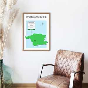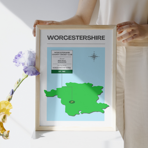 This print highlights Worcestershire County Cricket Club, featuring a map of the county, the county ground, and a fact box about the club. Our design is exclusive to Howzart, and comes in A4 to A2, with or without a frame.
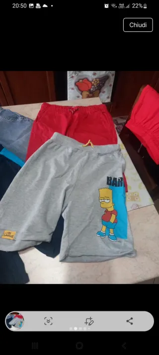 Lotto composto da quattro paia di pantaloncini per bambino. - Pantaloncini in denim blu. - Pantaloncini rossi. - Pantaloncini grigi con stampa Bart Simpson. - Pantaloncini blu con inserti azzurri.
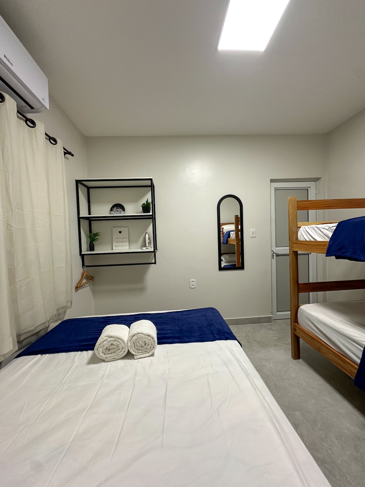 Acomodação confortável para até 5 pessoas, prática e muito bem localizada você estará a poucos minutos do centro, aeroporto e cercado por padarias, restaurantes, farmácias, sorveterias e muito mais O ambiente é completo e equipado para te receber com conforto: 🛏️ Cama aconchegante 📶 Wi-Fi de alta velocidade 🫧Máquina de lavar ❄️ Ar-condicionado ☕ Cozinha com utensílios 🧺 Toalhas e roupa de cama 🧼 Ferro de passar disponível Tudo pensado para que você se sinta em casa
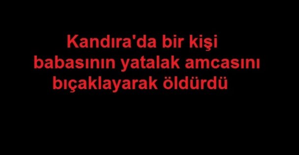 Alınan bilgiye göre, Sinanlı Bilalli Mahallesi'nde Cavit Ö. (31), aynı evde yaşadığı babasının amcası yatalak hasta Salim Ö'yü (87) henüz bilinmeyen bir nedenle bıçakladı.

= = = =

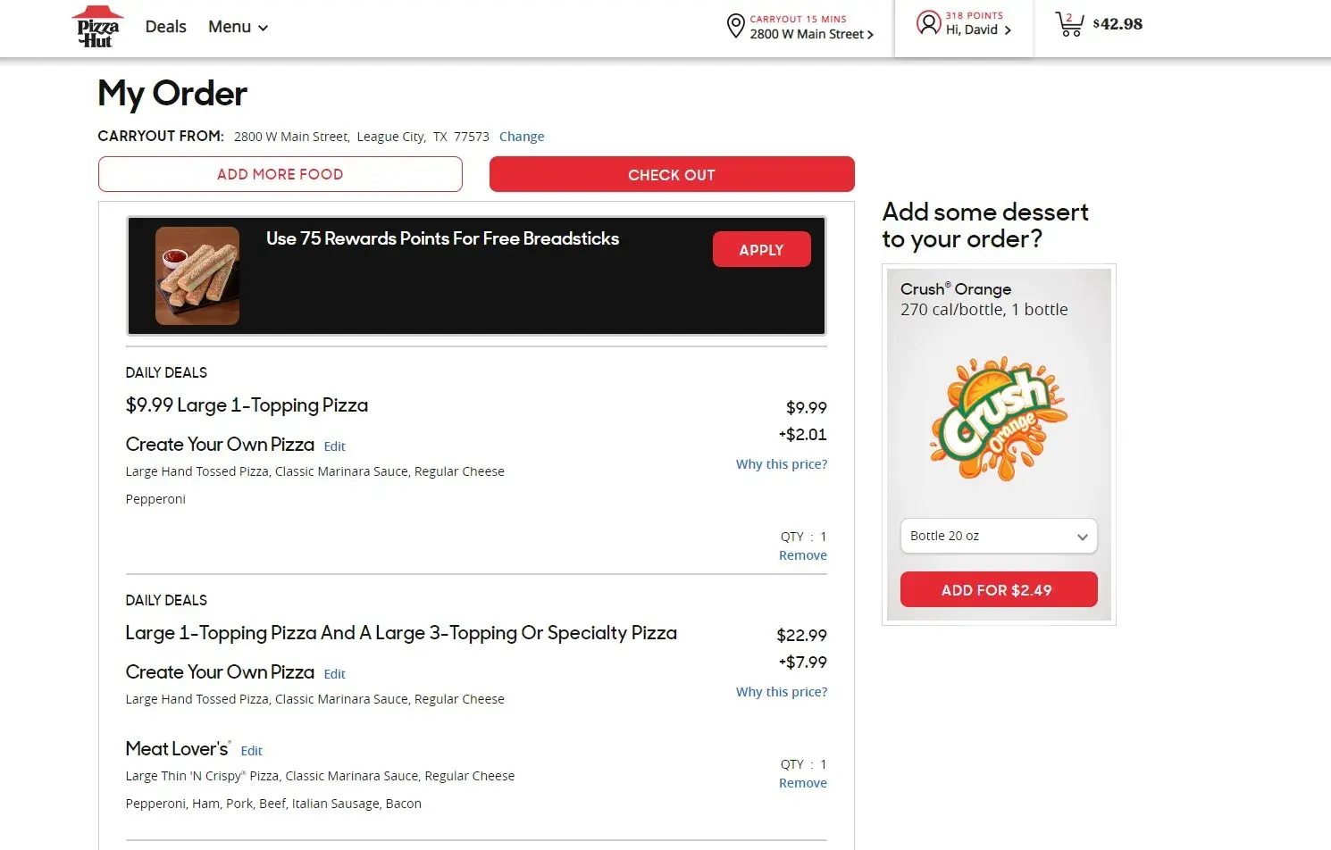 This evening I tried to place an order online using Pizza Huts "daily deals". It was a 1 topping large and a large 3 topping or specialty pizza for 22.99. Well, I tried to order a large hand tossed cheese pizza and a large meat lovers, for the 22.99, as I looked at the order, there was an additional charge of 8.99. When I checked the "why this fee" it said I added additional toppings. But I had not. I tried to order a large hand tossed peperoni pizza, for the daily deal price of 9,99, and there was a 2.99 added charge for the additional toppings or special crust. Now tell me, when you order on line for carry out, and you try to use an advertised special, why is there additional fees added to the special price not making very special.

= = = =

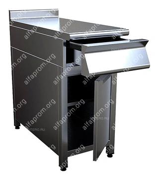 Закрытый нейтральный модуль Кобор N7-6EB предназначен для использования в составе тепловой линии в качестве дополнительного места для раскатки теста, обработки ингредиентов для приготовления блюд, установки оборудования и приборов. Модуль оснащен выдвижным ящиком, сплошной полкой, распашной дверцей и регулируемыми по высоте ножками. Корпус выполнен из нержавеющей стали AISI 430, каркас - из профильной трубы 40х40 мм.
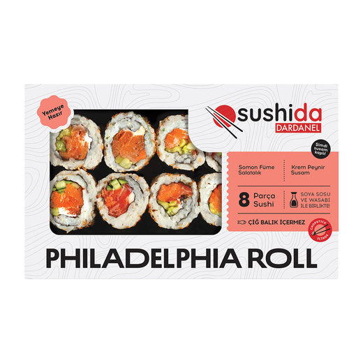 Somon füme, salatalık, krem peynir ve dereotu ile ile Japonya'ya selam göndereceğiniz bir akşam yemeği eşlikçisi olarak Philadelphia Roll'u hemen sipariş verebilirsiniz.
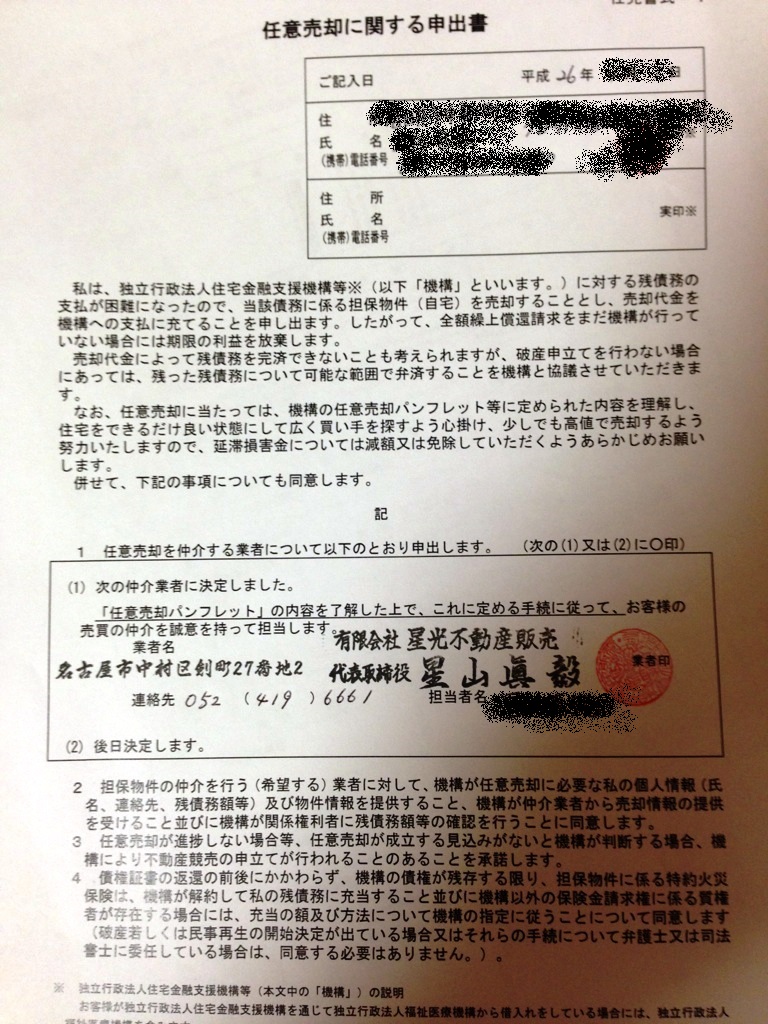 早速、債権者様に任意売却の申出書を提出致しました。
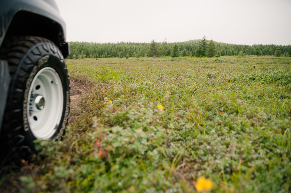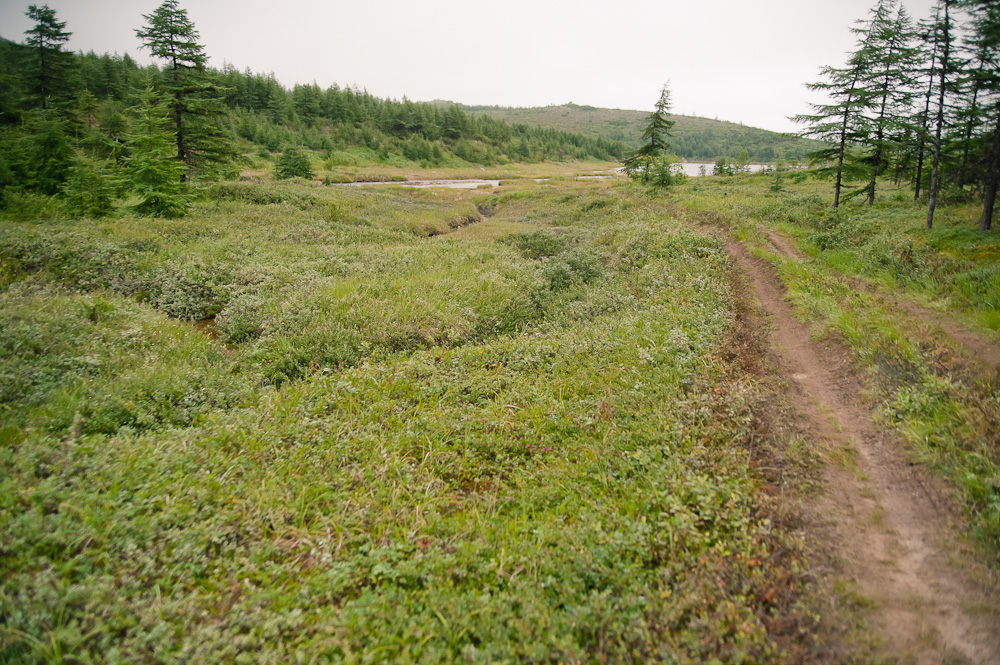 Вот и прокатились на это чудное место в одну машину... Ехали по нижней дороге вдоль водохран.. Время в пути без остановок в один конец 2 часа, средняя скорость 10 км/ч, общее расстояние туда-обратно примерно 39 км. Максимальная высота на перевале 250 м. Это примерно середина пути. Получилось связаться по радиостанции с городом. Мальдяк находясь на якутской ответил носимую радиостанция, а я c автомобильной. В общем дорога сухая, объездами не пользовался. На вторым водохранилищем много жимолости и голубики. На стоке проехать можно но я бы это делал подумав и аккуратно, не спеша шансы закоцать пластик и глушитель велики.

= = = =

- Activity:
Your output should be the lines above from the one that contains "This print highlights" through the one that contains "Lotto composto da", word for word, with pictures left out.

- Answer to the problem:
 This print highlights Worcestershire County Cricket Club, featuring a map of the county, the county ground, and a fact box about the club. Our design is exclusive to Howzart, and comes in A4 to A2, with or without a frame.
 Lotto composto da quattro paia di pantaloncini per bambino. - Pantaloncini in denim blu. - Pantaloncini rossi. - Pantaloncini grigi con stampa Bart Simpson. - Pantaloncini blu con inserti azzurri.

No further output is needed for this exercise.